Hartshorne Proposition III 8.1

Question

In the proposition mentioned in the title, Hartshorne states that for each $i\geq 0$ the higher direct image sheaf $R^if_*\mathcal F$ is exactly the sheafification of the presheaf given by

$V \mapsto H^i(f^{-1}(V),\mathcal F_{|f^{-1}(V)})$

The proof seems to be quite easy: The statement is obvious for $i=0$ and since the functor defined above is an universal $\delta$-functor, we obtain the result by a well-known theorem in homological algebra.

I tried to come up with the details, but trying to show that the functor defined above admits a long exact sequence, i got stuck at one point:

Given an exact sequence $0 \to \mathcal F' \to \mathcal F \to \mathcal F'' \to 0$ on X, for each open $V \subset Y$ we get an exact sequence $0 \to \mathcal F'_{|f^{-1}(V)} \to \mathcal F_{|f^{-1}(V)} \to \mathcal F''_{|f^{-1}(V)} \to 0$ giving rise to a long exact sequence

$0 \to H^0(f^{-1}(V),\mathcal F'_{|f^{-1}(V)}) \to H^0(f^{-1}(V),\mathcal F_{|f^{-1}(V)}) \to H^0(f^{-1}(V),\mathcal F''_{|f^{-1}(V)}) \to H^1(f^{-1}(V),\mathcal F'_{|f^{-1}(V)}) \to \dotsc$

But for this to induce a long exact sequence of presheaves (which would give me the long exact sequence of sheaves since sheafification is exact), i need the boundary-maps $\delta:H^i(f^{-1}(V),\mathcal F''_{|f^{-1}(V)}) \to H^{i+1}(f^{-1}(V),\mathcal F'_{|f^{-1}(V)})$ to commute with the restriction maps $H^i(f^{-1}(V),\mathcal F_{|f^{-1}(V)}) \to H^i(f^{-1}(W),\mathcal F_{|f^{-1}(W)})$ whenever $W \subset V$ is an inclusion of two opens. But i don't see this.

My questions:

1) How exactly do i get (or how do i have to think about) those restriction maps?
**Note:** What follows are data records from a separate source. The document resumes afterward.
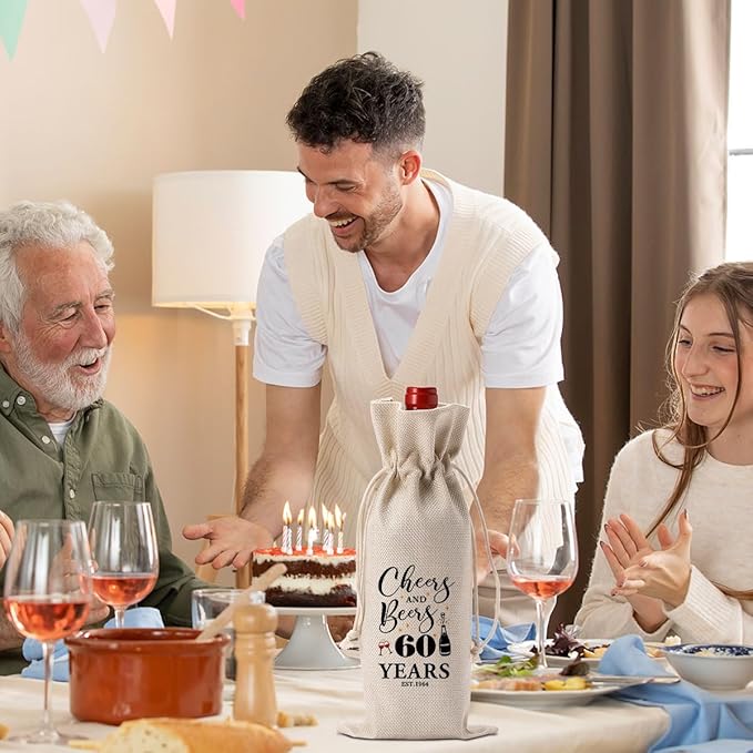 - 【60th Birthday Gifts Ideas】Don't just stop at 60th birthday wine bag bottles! This fun 60th birthday wine bag is the perfect addition to a birthday party, and also it's a perfect gift idea. Because in addition to decorating wine bottles, it can also store various holiday gifts, making every holiday full of ritual, making it a must-have for every holiday you celebrate!
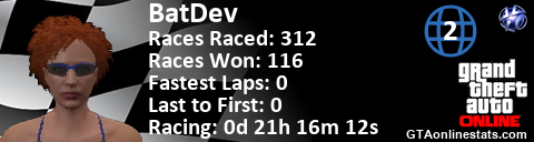 <a href="http://GTAonlinestats.com/showplayer/BatDev/2"><img src="http://GTAonlinestats.com/racesignature/BatDev/2/sig.png" alt="BatDev" border="0" /></a>
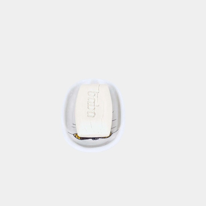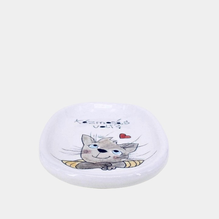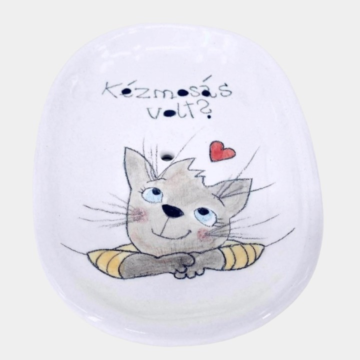 Kézzel készített és festett kerámia szappantartó, cicás mintával és vicces felirattal.
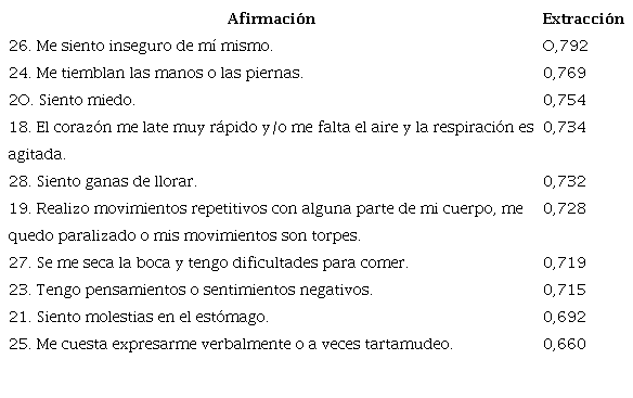 La tabla 3 contiene las afirmaciones que se agrupan en esta variable. El alfa de Cronbach es de 0,927. Cuando una persona presenta alguno de los síntomas se supone que está en el estado de alerta o de resistencia, toda vez que se ven activos el sistema fisiológico, motor y cognitivo. Si bien el orden de representatividad en el modelo cambia frente a otros estudios (Suárez et ál., 2019; Suárez, Hurtado et ál., 2020), se precisa indicar que se siguen agrupando y se ajusta fuertemente a la categoría a priori definida en el IEA.

2) How can i make sure the restriction maps commute with the $\delta$-maps?

Answer 1

Let $f: X \to Y$ be a morphism. There is a factorisation $f_*: Sh(X) \to Sh(Y)$: $f_* = (-)^\# \circ f_{p,*}$ with $(-)^\#: PSh(Y) \to Sh(Y)$ exact over $PSh(Y)$ and $\Gamma(f^{-1}(U),-): Sh(X) \to Ab$ factors as $\Gamma(U,-) \circ f_{p,*}$ over $PSh(Y)$ with $\Gamma(U,-): PSh(Y) \to Ab$ exact. It follows that $R^if_* = (R^if_{p,*})^\#$ and $\Gamma(U,R^if_{p,*}) = R^i\Gamma(f^{-1}(U),-)$.

Answer 2

Probably, the easy way to think of your question is the following. Let $f:Y\to X$ be a sufficiently nice morphism. Recall that one can actually work with presheaves on a base of topology $\mathcal{B}$. In particular, let $\mathcal{B}$ consist of affine opens $U\subset X$ and let inclusions be those of principal opens $U_f\subset U$.

Let $U=\mathrm{Spec}\ A$ be an affine open, $Y_U=f^{-1}(U)$. Now, pick an affine covering of $Y_U$ and compute $H^i(Y_U, \mathcal{F})$ by means of the corresponding Cech complex. Each term of the complex is naturally an $A$-module (this is what it means to work over an affine base), cohomologies are $A$-modules, LES's of cohomology are exact sequences of $A$-modules!

Now, figure out yourself what happens when you restrict to $U_f$.